During the defensive battles the Wehrmacht suffered huge losses. In the fight for Stalingrad the enemy lost about 700,000 in killed and wounded, over 2,000 guns and mortars, over 1,000 tanks and assault guns, and over 1,400 combat and transport aircraft. Instead of a non-stop advance towards the Volga, the enemy troops were drawn into protracted, exhausting battles in the Stalingrad region. The plan of the German High Command for the summer of 1942 was frustrated. At the same time, the Soviet troops also suffered heavy losses in personnel – 644,000 people, of which 324,000 irretrievable, and 320,000 sanitary. The losses of weapons amounted to about 1,400 tanks, over 12,000 guns and mortars and over 2,000 aircraft.

On 14 October 1942, the Wehrmacht High Command decided to switch to strategic defence on the entire Soviet-German front with the task of holding the lines reached at all costs and creating the prerequisites to continue the offensive in 1943. In Operations Order no. 1, instructing the troops to switch to strategic defence, Hitler, in fact, admitted the failure of the summer offensive in the east!

The Stalingrad strategic defensive operation prepared the ground for the Red Army to launch a decisive counteroffensive with the aim of defeating the enemy near Stalingrad. In this situation the Soviet Supreme High Command concluded that it was on the southern wing of the Soviet-German front, in the autumn of 1942, that the most favourable conditions were created for conducting offensive operations.

The counter-offensive of the Soviet troops near Stalingrad (19 November 1942 – 2 February 1943)

The strategic offensive operation (the counter-offensive near Stalingrad) was carried out under the code name Operation Uranus from 19 November 1942 to 2 February 1943 by the troops of the Southwestern Front, Don Front, Stalingrad Front and the left wing of the Voronezh Front with the participation of the Volga Military Flotilla.
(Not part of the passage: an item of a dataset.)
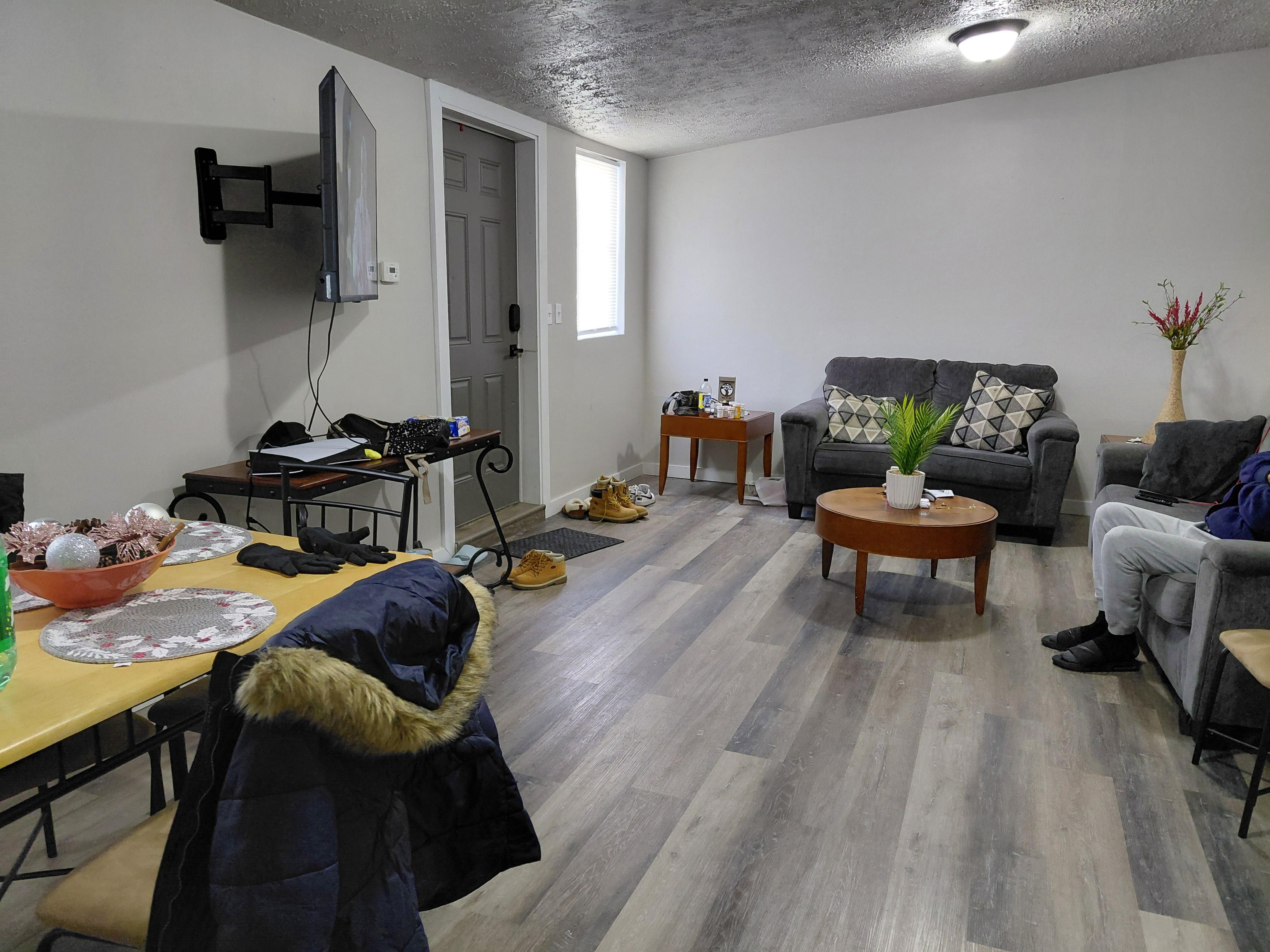A comfortable living room with a smart TV and Wi-Fi for streaming or catching up on work

Its plan was to defeat the troops defending the flanks of the enemy strike force, by attacking from the bridgeheads on the Don (on the Serafimovich and Kletskaya sectors) and from the Sarpinsky Lakes area (to the south of Stalingrad), and, developing the offensive in converging directions toward Kalach-on-Don and Sovetsky, to encircle and destroy main enemy forces directly at Stalingrad. The development of the counter-offensive plan was led by Army General G. K. Zhukov and Colonel-General A. M. Vasilevsky.
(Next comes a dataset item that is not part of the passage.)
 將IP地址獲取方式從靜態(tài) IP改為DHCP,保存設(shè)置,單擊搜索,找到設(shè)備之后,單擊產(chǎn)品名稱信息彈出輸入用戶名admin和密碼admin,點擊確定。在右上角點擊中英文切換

Order of the commander of the Southwestern Front on the timing of the launch of artillery preparation for the transition to the offensive (18 November 1942). Central Archives of the Ministry of Defence. Fond 232. Opis’ 599. Delo 2. List 29

In a relatively short period of time (from 1 October to 18 November), four tank, two mechanised and two cavalry corps, 17 separate tank brigades and regiments, 10 rifle divisions and 6 brigades, 230 artillery and mortar regiments were transferred from the General Headquarters reserve for the purpose of strengthening the fronts of the Stalingrad direction. The Soviet troops included about 1,135,000 people, about 15,000 guns and mortars, over 1,500 tanks and self-propelled artillery pieces. The composition of the air forces at the fronts was increased up to 25 aviation divisions, which managed over 1,900 battleplanes. The total number of operating divisions at three fronts reached 75. However, this powerful grouping of the Soviet troops was specific: about 60% of the personnel of the troops were young reinforcements who did not yet have combat experience.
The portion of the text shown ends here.